[Records drawn from a dataset]
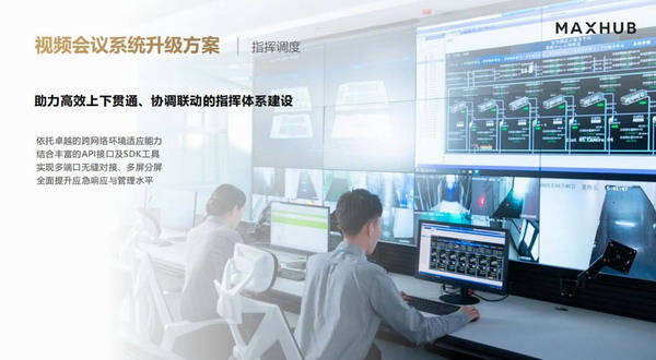 方案已成功應用于交通、應急管理、公共安全等多個領域。例如,在應急指揮領域,MAXHUB 構建支持多級架構多終端接入、跨層級跨地域部門聯動的視頻
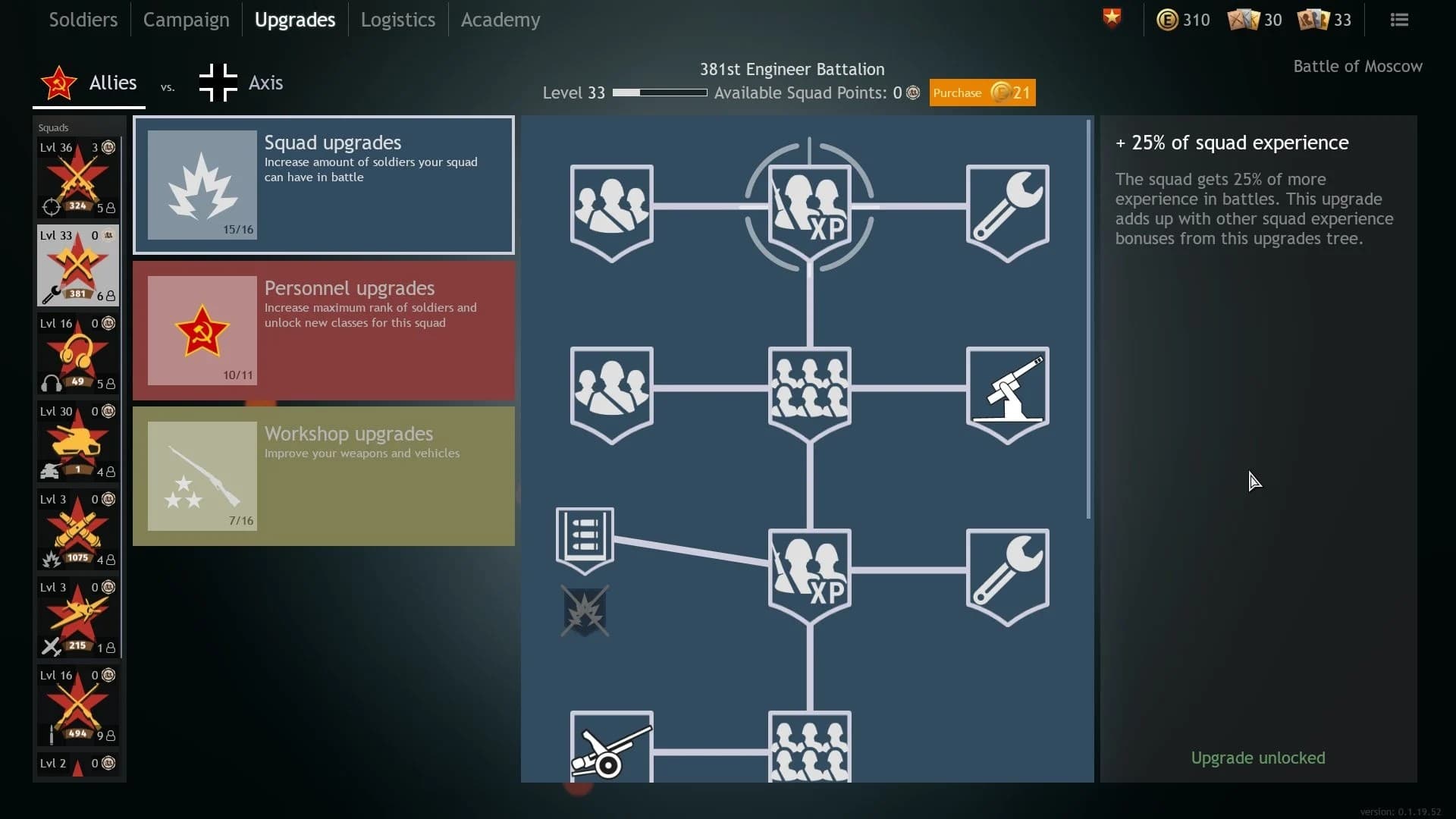 We upgrade our squads but often don’t know what these upgrades do. I think more info about that would be very nice to have.
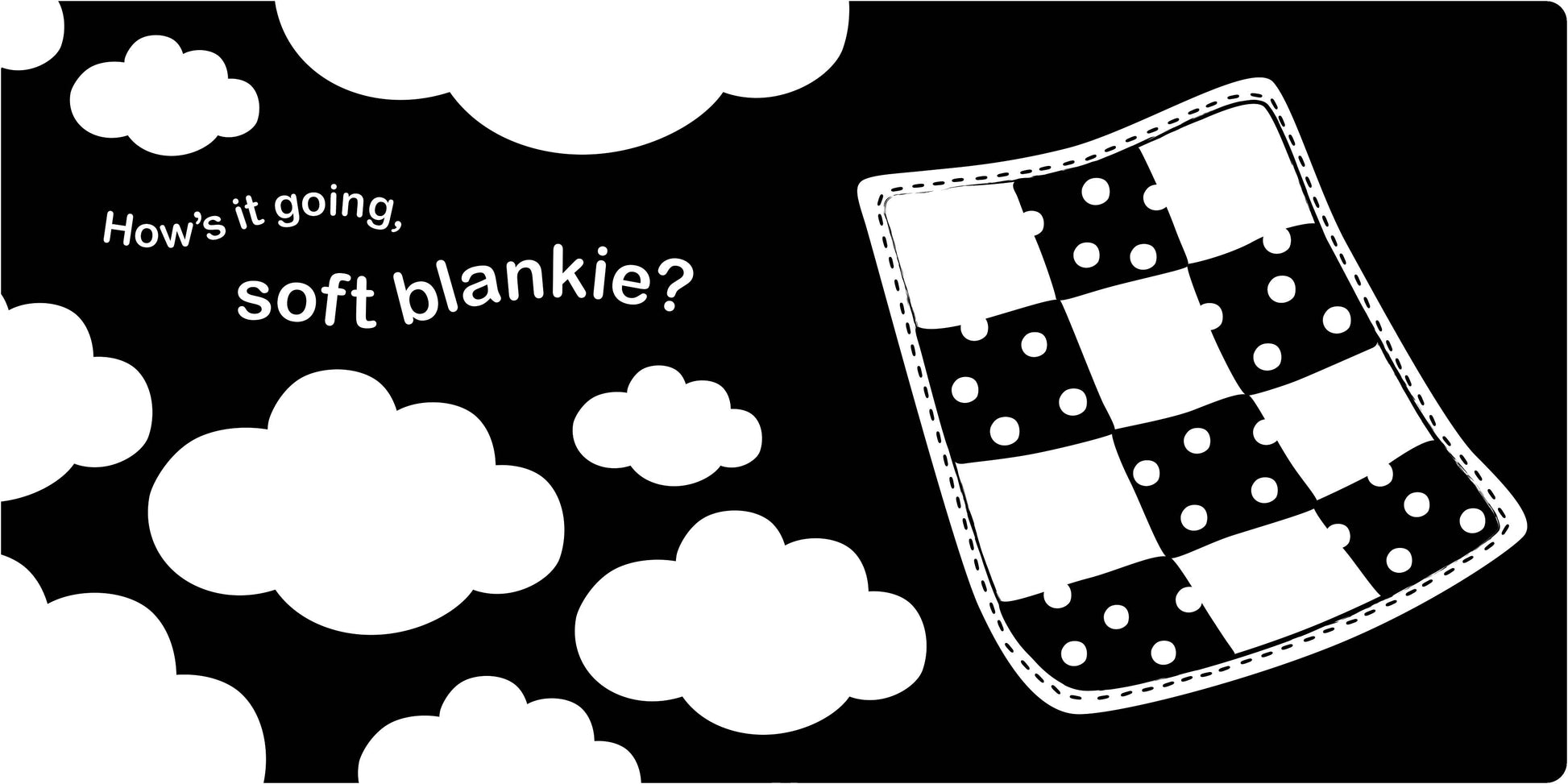 A charming high-contrast introduction to bedtime. Black-and-white patterns and illustrations pair with friendly greetings for favorite pjs, a teddy bear, a comfy pillow, and more.
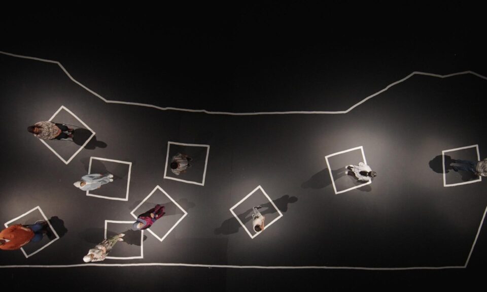 Eine Karte von Gaza, seinen Städten, Lagern und Stadtteilen. Weisse Farbe auf schwarzem Boden. In den notdürftig gezeichneten Umrissen erzählen neun Flüchtlinge, die der Hölle entkommen konnten. Ihr früheres Leben, den Verlust von geliebten Menschen. Existenzen, die unterdrückt, aber noch nicht in Schutt und Asche gelegt wurden. Indem sie ihre Geschichten teilen, versuchen die Protagonisten, sich wieder mit sich selbst zu verbinden, keine Geister mehr zu sein. Vielleicht kehren sie ins Leben zurück.
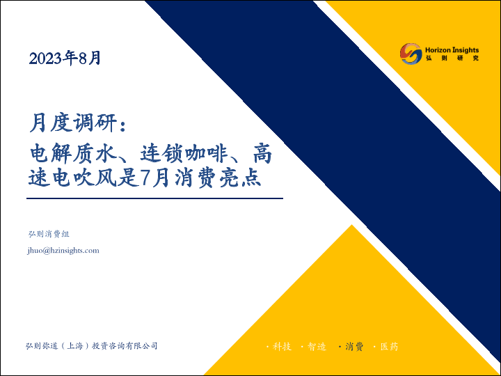 【弘则弥道(上海)投资咨询有限公司】【202308】消费行业月度调研:电解质水、连锁咖啡、高速电吹风是7月消费亮点-18页
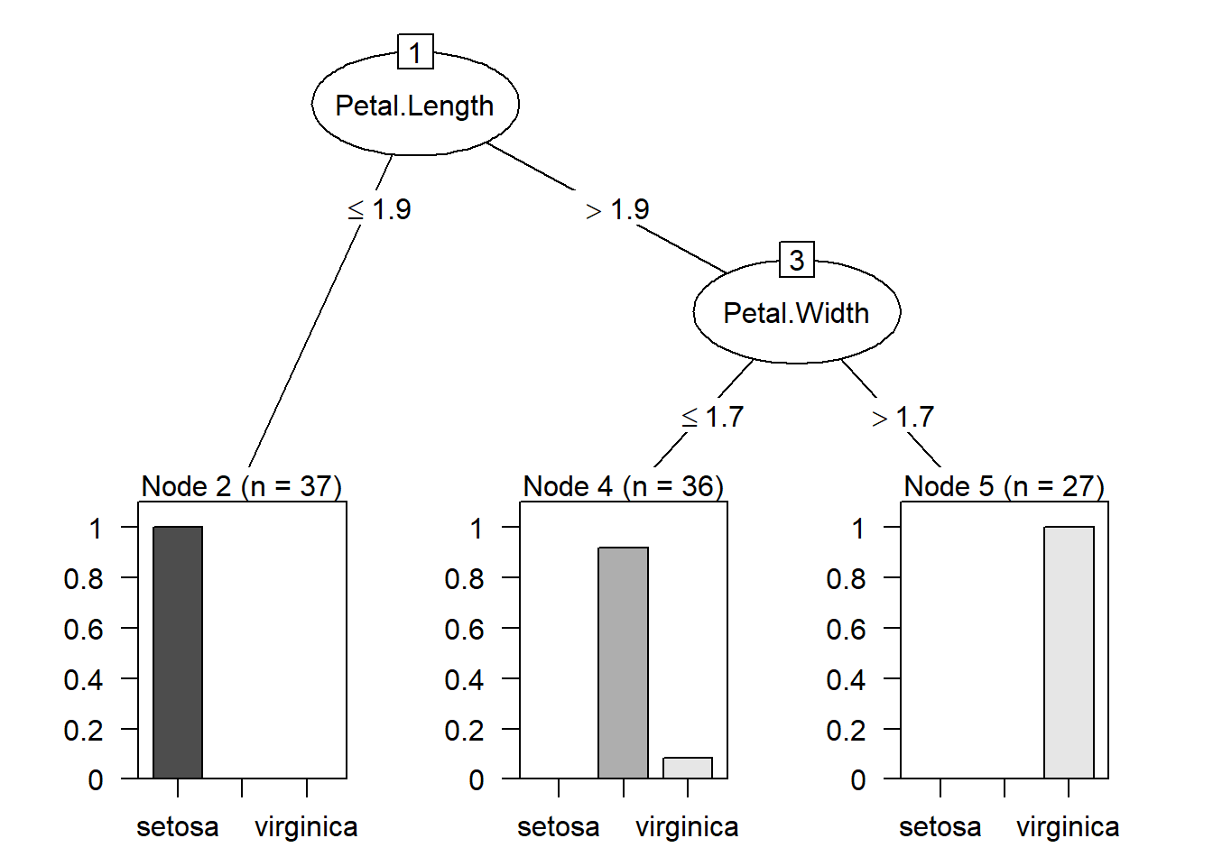 ## 7) Petal.Width > 1.75 37 0.00 virginica ( 0.00000 0.00000 1.00000 ) *The summary() function lsts the variables that are used as internal nodes in the tree, the number of terminal nodes, and the (training) error rate.
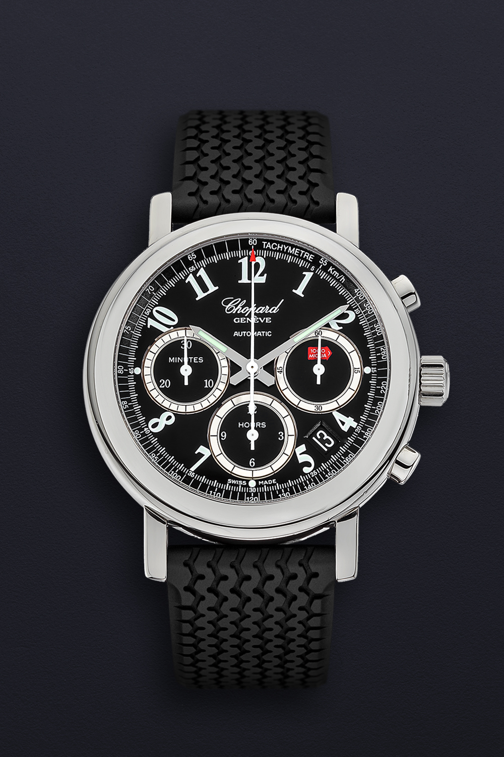 DialBlack dial, signed ‘Chopard Geneve’, 1000 Miglia red flag emblem at 3 o’clock, white luminous Arabic numerals, ‘obelisk’ hour and minute hands, luminous, white ‘stick’ central chrono seconds hand with red arrow, recessed and grooved sub-dials for small seconds at 3 o’clock, 30-minute counter at 9 o’clock, 12-hour counter at 6 o’clock, date aperture between 4 and 5 o’clock, tachymeter scale on rehaut
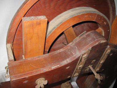 I bought this band saw at an estate sale. It is made almost entirely out of wood. There is no name on it except on the knob that is beginning to disinegrate and that says Chicago. I was wondering if you could tell me anything about it. It stands 38" tall, the base is 24 3/4" long by 8 3/4" wide. The shelf is 14 1/2" by 17 3/4". The wheels are 12 1/2" in diameter

** EXERCISE OBJECTIVE **
Begin at the first line of the entries above and return each line exactly, stopping after the line that contains "We upgrade our". Pictures do not belong in the copy.

** ANSWER TO THIS TASK **
 方案已成功應用于交通、應急管理、公共安全等多個領域。例如,在應急指揮領域,MAXHUB 構建支持多級架構多終端接入、跨層級跨地域部門聯動的視頻
 We upgrade our squads but often don’t know what these upgrades do. I think more info about that would be very nice to have.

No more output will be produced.